Robert S. Lemmon discusses their historic breeding grounds, habitat, range, intelligence, and unusual characteristics with warmth, humor, and careful attention to detail. And each bird is illustred with glowing realism in black and white.
This book is wonderful and sad all at the same time. It is wonderful because instead of a dry description of a bird, it's geographic range and diet, this book writes a short chapter about each bird describing its behavior and humorous stories about the bird. Some stories are historical, some personal, and some laugh out loud funny, but all are rich with information about each bird species described. Which brings me to the sad section. This book was written in 1951, before Silent Spring, before the widespread use of monoculture agriculture and excessive use of insecticides, which have decimated insect populations many times over, eliminating the food source of many of the birds described. 1951 was before the advent of the glass skyscaper, which kill thousands of birds nightly as they migrate. So despite a life spent watching birds in PA, NJ and MA, I have never seen or no longer see many of the birds described. I've never seen pied-billed grebes, a ruby crowned kinglet, a snow bunting or ovenbirds. The sight of thousands of migrating birds filling the sky was a common sight when I was young, but no more. However, on a happier note, at the time the book was written the whooping crane was down to 37 individuals, so some good news has occurred. Trumpeter swans have also been a success story in the time since the book was written. Finally, the book is rich and interesting, but it does nothing to tie the story together, looking for trends, positive or negative. The book opens with a brief foreward, then moves to the sketches for each bird, which are enlivened by actual sketches of each bird. After the downey woodpecker, the next page is the index. Quite anticlimactic. Well, the author is a bird watcher who writes, apparently not a writer who also watches birds.
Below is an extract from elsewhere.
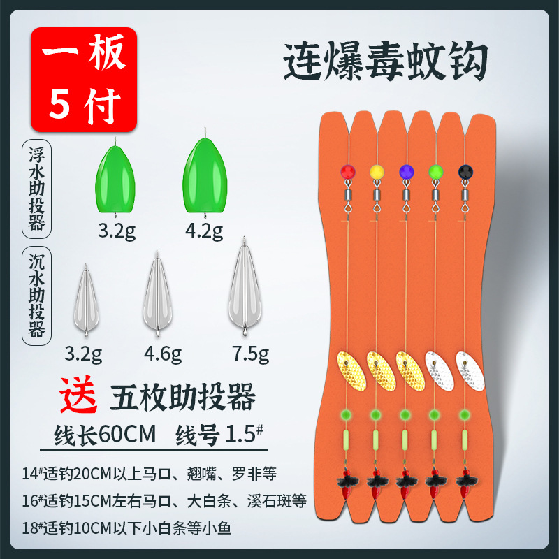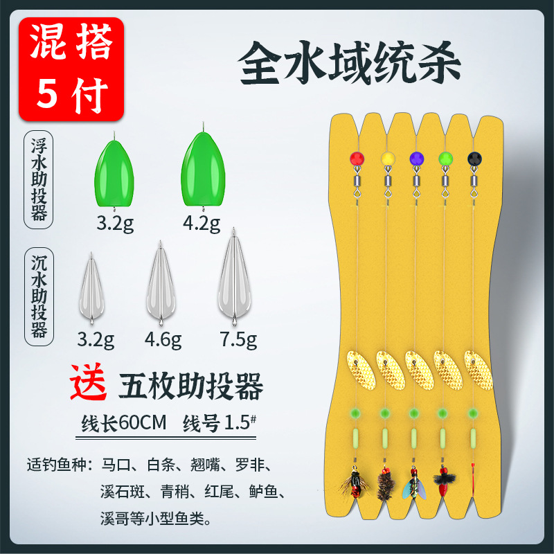 • 초보자 모델 5개 [다양한 물고기 종 모두 죽음]에는 투척 보조 장치가 5개 포함되어 있습니다.

i would not count this as a true book for my challenge, but i have been very into birding lately and this is my greatest and most pleasing reference to guide me
This is not a bad book--it's just that there are so many better ones. You're likely to find this one at a secondhand sale. It's worth the pocket change they'll probably ask for it. The facts are still true, the "stories" are still fun to read, and the drawings are still recognizable. If you're paying for a new book, get the Sibley or Peterson or Audubon field guides, or Janet Lembke's "Dangerous Birds," or Graeme Gibson's anthology. If you're looking for something to read on a long trip, this book tails off into speculation about how birds might have evolved, now and then, but mostly it provides fun facts about North America's best known birds.
This book is cute. It talks mostly about birds from the Eastern United States and Canada. If you want to know the bird's personality, mating habits or what it eats then you will find it here.